[REQUIREMENT]
Using the listing below, print exactly everything from the line with "Finally, since the" down to the line with "Esse top tomara", both included, and nothing more.

[RECORDS SUPPLIED]
::::
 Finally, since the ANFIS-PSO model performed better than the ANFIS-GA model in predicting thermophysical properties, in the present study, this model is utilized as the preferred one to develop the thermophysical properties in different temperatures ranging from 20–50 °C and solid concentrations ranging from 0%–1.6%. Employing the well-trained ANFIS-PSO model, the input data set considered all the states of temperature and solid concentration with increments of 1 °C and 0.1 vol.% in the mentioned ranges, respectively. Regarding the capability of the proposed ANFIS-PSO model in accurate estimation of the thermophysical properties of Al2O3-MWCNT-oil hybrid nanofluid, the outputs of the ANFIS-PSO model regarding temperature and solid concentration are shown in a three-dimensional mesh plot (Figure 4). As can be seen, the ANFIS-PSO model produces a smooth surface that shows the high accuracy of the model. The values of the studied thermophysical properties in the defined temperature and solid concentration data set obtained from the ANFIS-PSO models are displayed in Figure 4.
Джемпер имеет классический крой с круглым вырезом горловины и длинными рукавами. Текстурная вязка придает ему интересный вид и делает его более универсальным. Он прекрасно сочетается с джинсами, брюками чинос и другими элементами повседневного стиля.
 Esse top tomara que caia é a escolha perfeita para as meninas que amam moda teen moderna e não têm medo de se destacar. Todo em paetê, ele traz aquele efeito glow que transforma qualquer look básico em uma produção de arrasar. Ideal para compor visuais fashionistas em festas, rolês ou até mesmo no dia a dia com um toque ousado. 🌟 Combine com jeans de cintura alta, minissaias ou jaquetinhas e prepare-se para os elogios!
::::
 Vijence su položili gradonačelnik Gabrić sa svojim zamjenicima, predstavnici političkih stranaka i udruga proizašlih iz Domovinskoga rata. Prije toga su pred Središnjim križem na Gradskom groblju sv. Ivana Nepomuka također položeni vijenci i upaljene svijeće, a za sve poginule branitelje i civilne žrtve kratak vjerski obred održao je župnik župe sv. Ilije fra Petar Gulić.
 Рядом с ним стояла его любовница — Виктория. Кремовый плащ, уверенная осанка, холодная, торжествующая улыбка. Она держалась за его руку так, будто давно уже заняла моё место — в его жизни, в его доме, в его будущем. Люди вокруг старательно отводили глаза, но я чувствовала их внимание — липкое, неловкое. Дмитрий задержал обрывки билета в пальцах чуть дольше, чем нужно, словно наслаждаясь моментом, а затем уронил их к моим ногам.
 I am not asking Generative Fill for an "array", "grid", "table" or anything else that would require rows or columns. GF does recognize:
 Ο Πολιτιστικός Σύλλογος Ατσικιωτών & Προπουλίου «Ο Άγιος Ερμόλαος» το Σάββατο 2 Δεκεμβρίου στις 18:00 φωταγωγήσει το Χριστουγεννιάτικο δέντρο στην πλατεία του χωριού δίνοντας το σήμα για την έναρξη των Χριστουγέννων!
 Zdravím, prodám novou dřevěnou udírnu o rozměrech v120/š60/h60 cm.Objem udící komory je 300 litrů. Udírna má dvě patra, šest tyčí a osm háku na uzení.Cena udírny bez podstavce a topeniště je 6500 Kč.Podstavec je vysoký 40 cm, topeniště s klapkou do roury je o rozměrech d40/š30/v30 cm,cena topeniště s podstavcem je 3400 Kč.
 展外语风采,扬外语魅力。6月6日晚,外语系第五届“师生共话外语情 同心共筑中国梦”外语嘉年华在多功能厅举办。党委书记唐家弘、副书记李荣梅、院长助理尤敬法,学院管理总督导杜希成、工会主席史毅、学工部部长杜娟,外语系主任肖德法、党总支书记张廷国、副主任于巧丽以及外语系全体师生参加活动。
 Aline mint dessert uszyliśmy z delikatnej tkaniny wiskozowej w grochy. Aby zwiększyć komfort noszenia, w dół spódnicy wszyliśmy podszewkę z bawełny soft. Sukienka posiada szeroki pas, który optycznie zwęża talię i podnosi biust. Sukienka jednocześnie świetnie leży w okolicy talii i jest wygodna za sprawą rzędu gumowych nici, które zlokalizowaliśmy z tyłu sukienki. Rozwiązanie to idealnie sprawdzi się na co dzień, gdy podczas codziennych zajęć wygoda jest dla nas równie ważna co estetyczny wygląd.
::::
[WRITTEN ANSWER]
 Finally, since the ANFIS-PSO model performed better than the ANFIS-GA model in predicting thermophysical properties, in the present study, this model is utilized as the preferred one to develop the thermophysical properties in different temperatures ranging from 20–50 °C and solid concentrations ranging from 0%–1.6%. Employing the well-trained ANFIS-PSO model, the input data set considered all the states of temperature and solid concentration with increments of 1 °C and 0.1 vol.% in the mentioned ranges, respectively. Regarding the capability of the proposed ANFIS-PSO model in accurate estimation of the thermophysical properties of Al2O3-MWCNT-oil hybrid nanofluid, the outputs of the ANFIS-PSO model regarding temperature and solid concentration are shown in a three-dimensional mesh plot (Figure 4). As can be seen, the ANFIS-PSO model produces a smooth surface that shows the high accuracy of the model. The values of the studied thermophysical properties in the defined temperature and solid concentration data set obtained from the ANFIS-PSO models are displayed in Figure 4.
Джемпер имеет классический крой с круглым вырезом горловины и длинными рукавами. Текстурная вязка придает ему интересный вид и делает его более универсальным. Он прекрасно сочетается с джинсами, брюками чинос и другими элементами повседневного стиля.
 Esse top tomara que caia é a escolha perfeita para as meninas que amam moda teen moderna e não têm medo de se destacar. Todo em paetê, ele traz aquele efeito glow que transforma qualquer look básico em uma produção de arrasar. Ideal para compor visuais fashionistas em festas, rolês ou até mesmo no dia a dia com um toque ousado. 🌟 Combine com jeans de cintura alta, minissaias ou jaquetinhas e prepare-se para os elogios!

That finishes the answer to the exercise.